Se apresuró en ir al estudio, ni se molestó en tocar la puerta la abrió y divisó al castaño sentado detrás del escritorio con la mirada clavada en unos papeles.

Levantó la mirada hasta encontrarse con los ojos esmeraldas, alzó una ceja, tenía las manos hecha puños, estaba pálida, su rostro se veía enojado y preocupado.

−¿Por qué no me dijiste lo de la prensa?− fue lo primero que salió de su boca.

−¿Hay algo interesante?− su mirada volvió a los papeles.

−Resulta que todo Japón está hablando de nuestra supuesta relación amorosa− dijo apretando las manos.

−No sabía que teníamos una relación− posó su chocolatada mirada sobre ella.

−Sí, Tomoyo me llamó diciendo que lo había visto en las noticias y que al parecer hay fotos− el semblante del castaño la desconcertó, su rostro estaba serio y prestaba atención a lo que ella decía como si no supiera nada.

Apartó los papeles y acercó el ordenador, no tardó mucho en encontrar lo que estaba buscando.

−¡Maldición!− exclamó mientras se ponía de pie, se pasó una mano por el cabello. ¿Cómo era posible aquello?

Lo miró con preocupación, se acercó hasta poder ver la pantalla de la laptop.

Ya tiene nueva novia− leyó con voz quebrada.

La tomó de los hombros al ver que temblaba.

−No te pongas así pequeña− le dijo.

−Ahora piensan que soy tu...− pero no pudo seguir porque varias lágrimas se le escaparon.

−No llores preciosa, me encargaré de esto− no pudo evitar estrecharla contra su pecho, verla en aquel estado le molestaba. Maldijo por los bajos, ¿cómo diablos lo habían retratado sin darse cuenta?, se separo de él y volvió a leer el artículo.

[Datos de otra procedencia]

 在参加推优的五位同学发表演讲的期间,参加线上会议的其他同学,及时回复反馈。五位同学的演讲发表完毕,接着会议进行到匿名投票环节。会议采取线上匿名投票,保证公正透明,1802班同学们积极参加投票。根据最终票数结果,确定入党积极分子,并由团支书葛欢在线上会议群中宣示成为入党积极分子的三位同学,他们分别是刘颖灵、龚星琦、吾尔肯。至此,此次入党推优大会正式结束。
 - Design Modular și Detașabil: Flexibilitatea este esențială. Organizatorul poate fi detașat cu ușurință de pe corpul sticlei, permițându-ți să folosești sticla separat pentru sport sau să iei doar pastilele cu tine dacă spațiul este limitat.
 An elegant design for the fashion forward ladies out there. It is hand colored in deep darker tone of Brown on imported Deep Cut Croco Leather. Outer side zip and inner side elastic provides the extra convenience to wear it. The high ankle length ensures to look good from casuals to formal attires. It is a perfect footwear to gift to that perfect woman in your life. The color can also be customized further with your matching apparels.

Al parecer el famoso y muy reconocido Xiao Lang Li, el dueño del gran imperio Li ya consiguió nueva novia, ¿o será solamente la sustituta de su ex novia la famosa modelo Kaho Mitsuy, será su nueva amante?− apretó los puños al leer aquello. −Las fotos demuestran unas miradas cómplices y unas sonrisas de unos muy enamorados− prefirió no seguir leyendo. −Piensan que soy tu amante− dijo en susurro. −Que vergüenza, ahora con qué cara miraré a mi padre y a mi hermano− escondió el rostro entre las manos y lloró silenciosamente.

−No tienes porque preocuparte− le aseguró.

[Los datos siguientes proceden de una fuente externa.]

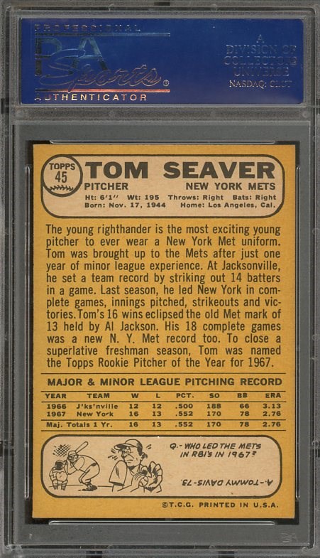 1968 Topps Tom Seaver #45 PSA NM 7 - This is Seaver's first solo card and features the Topps All-Star Rookie award. Seaver was a twelve time All-Star, won three Cy Young awards and finished with 311 wins.
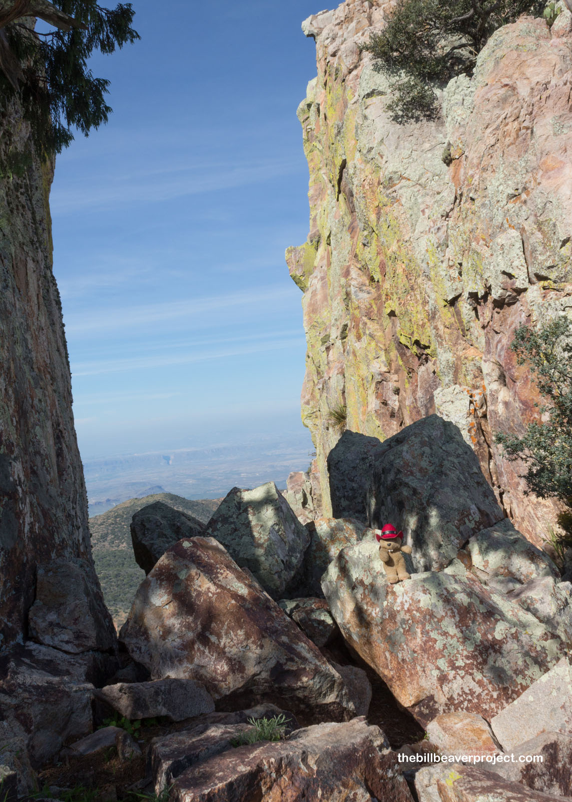 That’s when I looked across the chasm and realized I’d climbed up the wrong rock! So I scrambled back down and maneuvered my way up the other side. This ascent was more strenuous, but it was very comforting to be climbing the opposite side from the sheer drop, with lots of trees to break a fall should one occur!
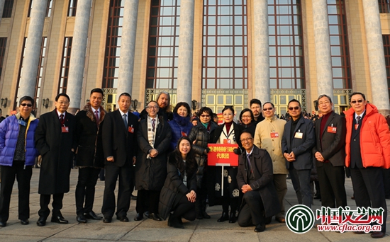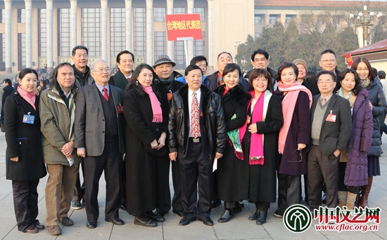 台湾地区代表团在会场外合影 中国文艺网 王渝 摄
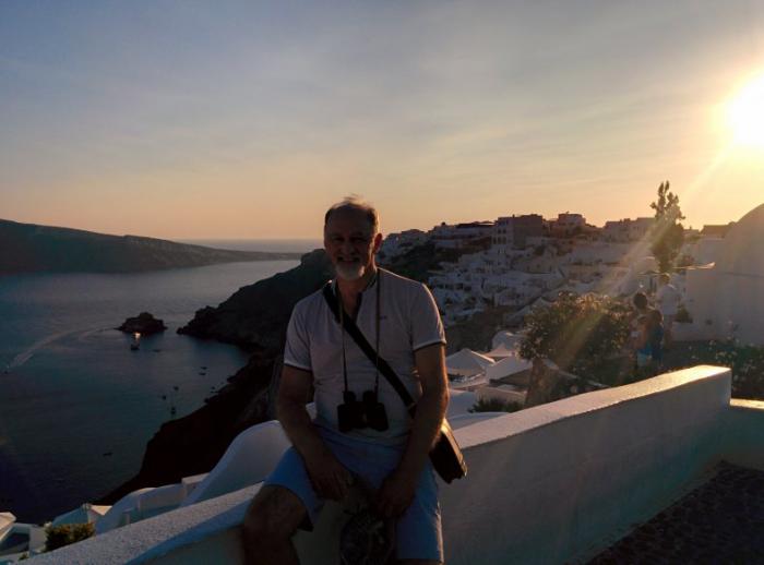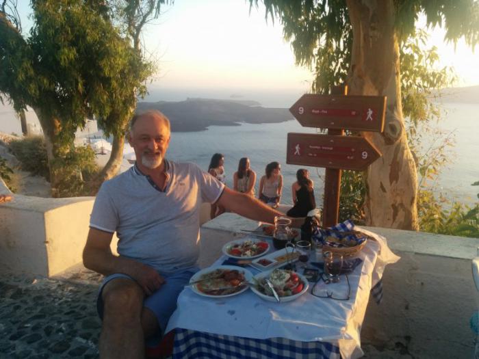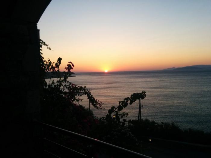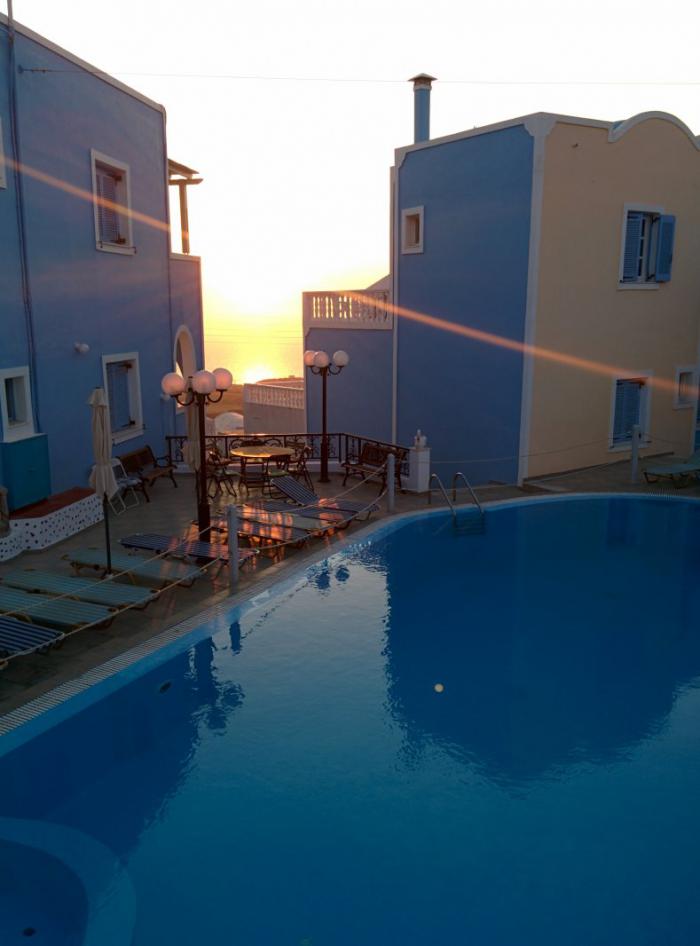Быстренько приняв душ, и впечатлившись видом с нашей огромной террасы, мы побежали что-нибудь арендовать и срочно поехать кататься. Забыл… еще перед этим я сориентировался на местности. Из номера был вид на восточный берег, а в 100 метрах от отеля в горку открывался вид на запад. Здесь несметное количество таверн, в одну из которых я зашел и забронировал столик на 19 часов для совершения главного местного туристического ритуала – посадки солнца в море. В эти дни это было в 20.36.

−Pero…− él la interrumpió.

−No dejaré que este chisme se esparza− le dijo mientras le apartaba las lagrimas. –Tranquilízate y déjalo todo en mis manos− le sonrió.

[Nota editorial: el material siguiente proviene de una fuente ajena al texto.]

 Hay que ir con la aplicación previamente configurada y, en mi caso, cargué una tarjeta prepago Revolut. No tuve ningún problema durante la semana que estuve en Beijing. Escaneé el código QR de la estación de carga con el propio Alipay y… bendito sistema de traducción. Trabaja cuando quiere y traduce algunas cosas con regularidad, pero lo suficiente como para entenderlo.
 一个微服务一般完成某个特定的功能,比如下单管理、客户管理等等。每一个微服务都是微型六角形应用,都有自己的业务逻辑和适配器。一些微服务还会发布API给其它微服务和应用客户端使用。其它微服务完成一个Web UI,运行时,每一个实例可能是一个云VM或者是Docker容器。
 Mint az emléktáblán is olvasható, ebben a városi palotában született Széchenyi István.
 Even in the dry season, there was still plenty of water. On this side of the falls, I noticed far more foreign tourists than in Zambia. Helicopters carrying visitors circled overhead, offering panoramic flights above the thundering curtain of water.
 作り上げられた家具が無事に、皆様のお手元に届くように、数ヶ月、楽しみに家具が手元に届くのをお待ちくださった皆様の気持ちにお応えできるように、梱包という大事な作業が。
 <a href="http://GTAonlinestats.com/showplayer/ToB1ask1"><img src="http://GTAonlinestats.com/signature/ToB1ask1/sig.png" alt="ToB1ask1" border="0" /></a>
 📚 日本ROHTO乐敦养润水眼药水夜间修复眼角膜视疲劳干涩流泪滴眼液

No pudo evitarlo, lo abrazó y escondió el rostro entre su fuerte torso. Apoyó el mentón sobre su castaña cabellera y la abrazó, pegándola contra su cuerpo. Minutos pasaron antes de separarse y aunque ella no quería sabía que lo tenía que hacer y eso le dolió en lo más profundo de su ser ya que había pasado una semana de aquella vez que estuvieron en ese mismo estudio, luego de aquella plática sólo habían hablado respecto al trabajo.

−Vete a la cama− le dijo como si fuera una niña pequeña.

−¿Puedo quedarme aquí mientras leo?– después de todo el sueño se había ido.

Guardó silencio mientras la veía subirse en su silla y estirarse para poder alcanzar algún libro. Su mirada recorrió las perfectas curvas femeninas.

−Sabes, tengo un espectacular panorama− le dijo con picardía, aquella noche llevaba un pijama.

−No seas pervertido− pero no contó con que perdería el balance y caería sobre él que al verla perder el equilibrio se acercó para permitirle caer en sus brazos.

−Pequeña tonta− la vio parpadear varias veces. −¿Te encuentras bien?− le preguntó con una sonrisa.

−Bájame− trato de bajarse de sus brazos pero le fue imposible.

−Eres una mala agradecida, te acabo de salvar de un fuerte golpe en el trasero y así me lo agradeces− le dijo con arrogancia.

−No te pedí que me salvaras y eres un arrogante− susurró

−Malcriada− no pudo evitar mirarle los labios.

−Baja...− la masculina boca la hizo callar.

Sintió todo su cuerpo estremecer ante esa pequeña caricia, no quería corresponderle mas sus labios la estaban tentando sobre manera y pronto sintió que toda su vida dependía de aquel beso, le rodeó el cuello con las manos y acarició la parte de atrás de sus cabellos mientras separaba los labios permitiéndole saborear el interior de su boca, ahogó un suspiro al sentir como acariciaba el interior de su húmeda boca, tentándola. La sentó sobre el escritorio mientras la agarraba con autoridad. Se colocó entre medio de sus piernas, apretándola contra su cuerpo.

Las manos femeninas fueron hasta sus anchos hombros.

Con la misma rapidez que la besó, dejó de hacerlo.

−Vete a dormir− susurró con voz ronca. Necesitaba tenerla lejos, no podía cometer una estupidez.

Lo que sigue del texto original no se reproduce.